How is board diversity achieved?
Building a diverse board is a strategic process that involves intentional planning, recruitment and ongoing efforts to maintain and leverage effective diversity. It requires a strong understanding of the composition of the stakeholder base of the company and how it can be proportionately represented to best advantage. Some companies may elect to develop a diversity policy or diversity clause in their bylaws that governs the constitution of the board, and others may take a less formal approach through the use of guidelines for inclusive outreach in recruitment of members. Nonetheless, intentionality is required and the process is not one that happens overnight. Targeted recruitment can empower the more disenfranchised segments of the stakeholder base and training on unconscious bias for those involved in the selection process can allow for fair evaluation of candidates. However, recruitment is just the start. The board must foster an inclusive culture where diversity of perspective is welcomed and respected. Mentorship can support the integration and success of new members. Regular assessments of the effectiveness of strategies employed for diversification can allow the company to course correct along the journey. The status quo must be willing to be positively disrupted.

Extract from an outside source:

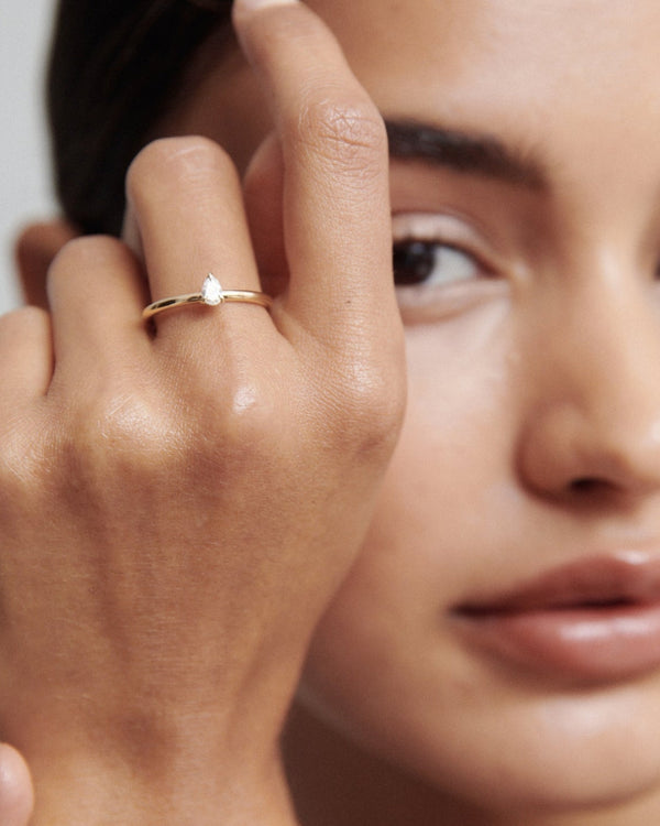 0.15 Carats Pear Shaped CVD Diamond Solitaire Setting Engagement Ring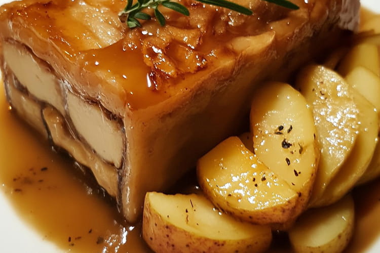 Montage de la terrinePréchauffez votre four à 150°C (300°F). Beurrez légèrement une terrine. Disposez une couche de foie gras au fond de la terrine, puis ajoutez une couche de pommes caramélisées. Répétez l’opération en alternant les couches de foie gras et de pommes jusqu'à remplir la terrine. Terminez par une couche de foie gras.

In conclusion, board diversity is not merely a box to check but a vital component for the sustained success and resilience of organisations. A diverse board brings a wealth of perspectives, experiences, and insights that can drive innovative solutions, enhance decision-making, and better reflect the stakeholders and communities an organization serves. By committing to intentional recruitment and fostering an inclusive culture, organizations can harness the full potential of their boards. As we move forward in an increasingly complex and interconnected world, embracing board diversity will be essential in navigating challenges, seizing opportunities, and achieving long-term organizational goals. Through deliberate efforts and steadfast commitment, organizations can build boards that are not only diverse but also effective, dynamic, and poised to lead with vision and integrity. 


Rachel Welch-Phillips is the Head of Legal and Compliance Banking at Ansa Merchant Bank Limited. She is also the 1st Vice Chair of AMCHAM T&T's ESG Committee.